Sunday, July 28, 2013

Cyclist-in-Training

Bikes were not seen as a mode of transportation in my previous life as a resident of suburban America. They were children's toys. I received my first bike for Christmas when I was four. It was green and white and had a flowered basket in front, a Big Bird bell, and training wheels that came off the summer I had my tonsils out. I hung streamers from the handlebars and attached multi-coloured plastic bulbs to the spokes of the tires, which tinkled when I went slowly and spun around in a whirl of colour when I went fast.
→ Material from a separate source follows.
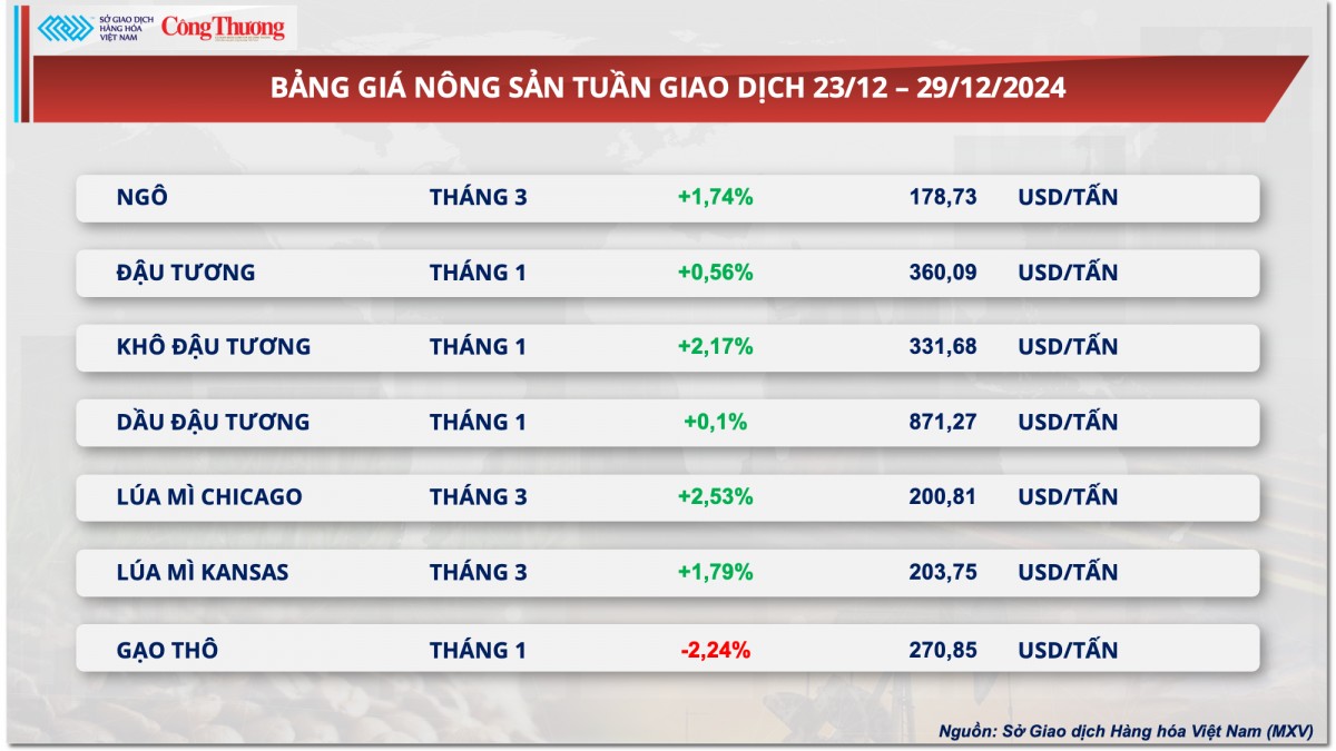 Bên cạnh đó, nhu cầu của thị trường nhìn chung vẫn tích cực. Trong báo cáo Export Inspections, Bộ Nông nghiệp Mỹ (USDA) cho biết nước này đã giao 1,75 triệu tấn đậu tương trong tuần kết thúc ngày 19/12, tăng so với mức 1,69 triệu tấn trong tuần trước và mức 1,12 triệu tấn cùng kỳ năm ngoái. Ngoài ra, trong báo cáo Daily Export Sales ngày 13/12, USDA cũng cho biết Mỹ đã bán được đơn hàng 132.000 tấn đậu tương giao trong niên vụ 2024-2025 cho Trung Quốc. Điều này cho thấy hoạt động xuất khẩu của Mỹ đã có sự cải thiện trong tuần qua, thúc đẩy lực mua trên thị trường.

We hauled our bikes out every spring when most of the ice had melted off the pavement, and cycled up and down the sidewalk and around the block all summer long. As we grew older, we were allowed to take our bikes on short trips to friends' houses or the tennis courts, or to cycle over to the grocery store and return the used bottles and cans. The latter we typically avoided despite the payoff (we were allowed to pocket the change), because it involved riding up Colvin with bags of beer cans hanging off your handlebars and ohmygod no. Just no.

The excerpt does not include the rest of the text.